Letter Combinations of a Phone Number

Q:
Given a digit string, return all possible letter combinations that the number could represent.
A mapping of digit to letters (just like on the telephone buttons) is given below.

Input:Digit string "23"
Output: ["ad", "ae", "af", "bd", "be", "bf", "cd", "ce", "cf"].
Note:
Although the above answer is in lexicographical order, your answer could be in any order you want.
A:
 -----------------------3 rd ------递归调用-------  作者-对于digits=""的情况跟我们假设的不一样------------最新版本的改了。
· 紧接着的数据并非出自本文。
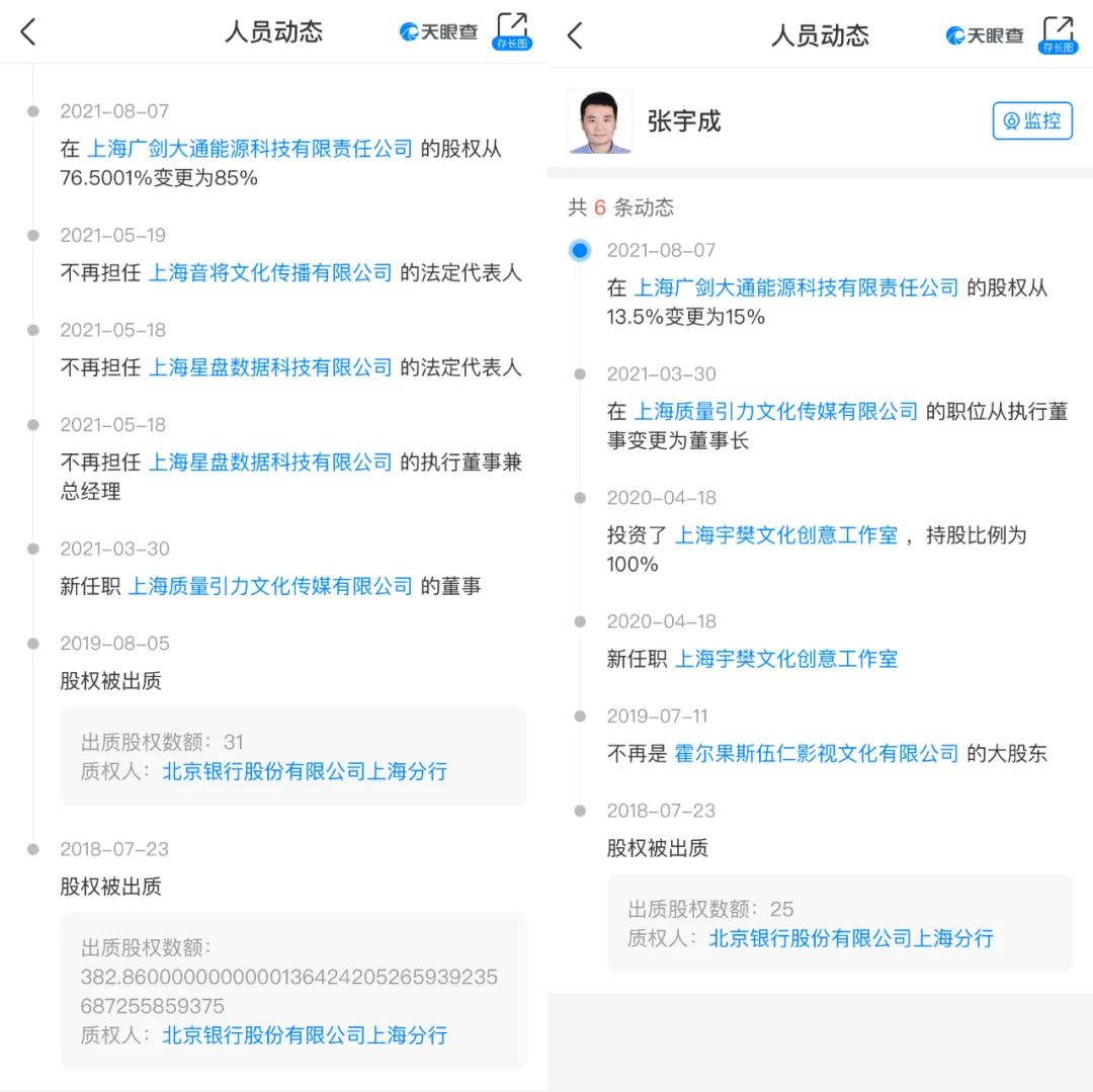 公司另外一个创始人张宇成也在2018年股权被出质。2019年最大变动是,金融资本的投资人王正、石博、唐艺绮相继退出张宇成的伍仁影视文化。
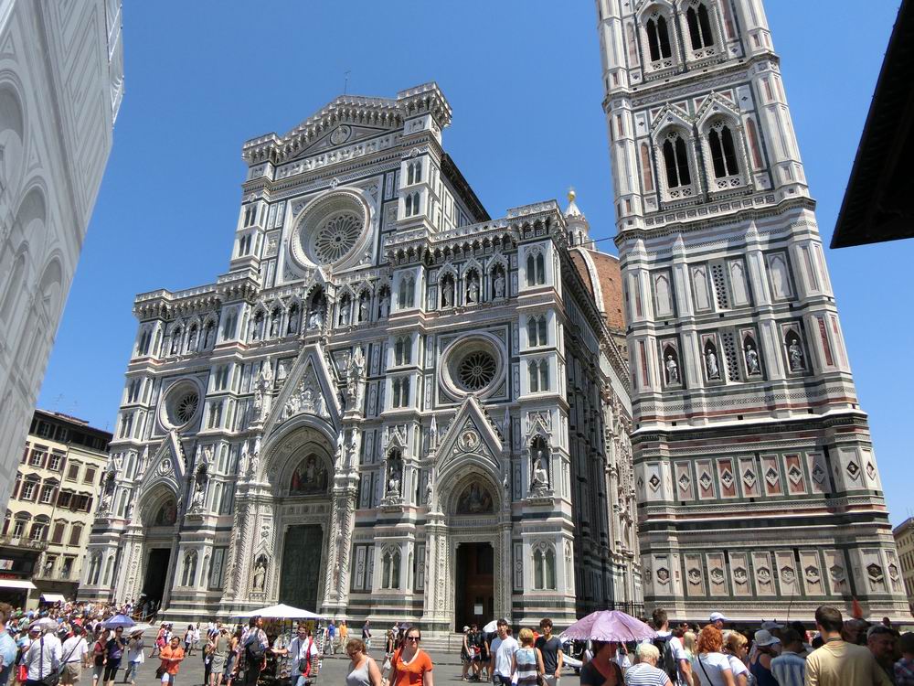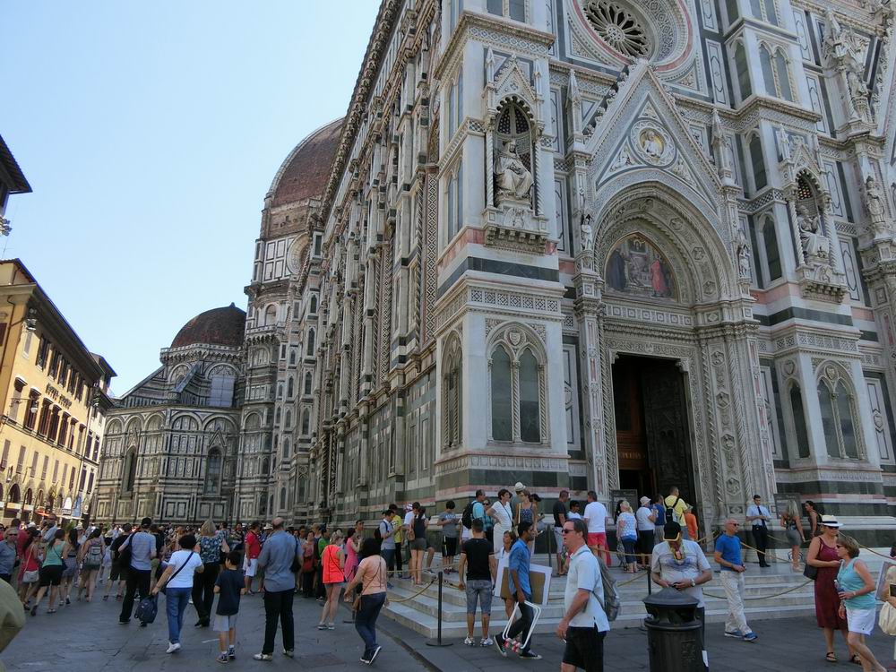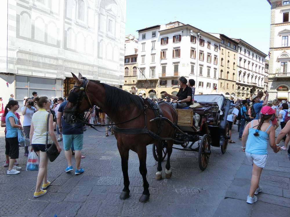 ドゥオーモ、ジョットの鐘楼、洗礼堂などに囲まれた広場は、そんなに広くはないと思うのですがとにかく観光客が多くて混んでます。観光客目当ての馬車まで出ていました。ドゥオーモも鐘楼も大きな建物なので、全部を写真に収めるのに苦労しました。

------

public class Solution {
    public List<String> letterCombinations(String digits) {
        // assume all chars in digits are in 2 to 9
        List<String> list = new LinkedList<String>();
        if(digits.length() == 0) {
            list.add("");
            return list;
        }
        HashMap<Character,String> map = new HashMap<Character,String>();
        map.put('2',"abc");
        map.put('3',"def");
        map.put('4',"ghi");
        map.put('5',"jkl");
        map.put('6',"mno");
        map.put('7',"pqrs");
        map.put('8',"tuv");
        map.put('9',"wxyz");
        return helper(map,digits);
    }
    public List<String> helper(HashMap<Character, String> map, String digits){
        List<String> list = new LinkedList<String>();
        String str = map.get(digits.charAt(0));
        if(digits.length() == 1){
            for(int i =0;i<str.length();i++)
                list.add(""+str.charAt(i));
        }else{
            List<String> newList  = helper(map, digits.substring(1));
            for(int i =0;i<str.length();i++)
                for(String tmp:newList)
                    list.add(str.charAt(i)+tmp);
        }
        return list;
    }
}



--------见最后面----

Mistakes:
1: 将al,加入到all中的时候,  没有考虑当all为空的时候。 导致all一直为空。
2: given input as "", we expect the value [""] ,    这个,好像是因为, 作者的实现方法和我们的不一样,因此,我们这里,需要多处理一下。 呵呵 ------------ 以后问明白了。 这种边边角角的情况。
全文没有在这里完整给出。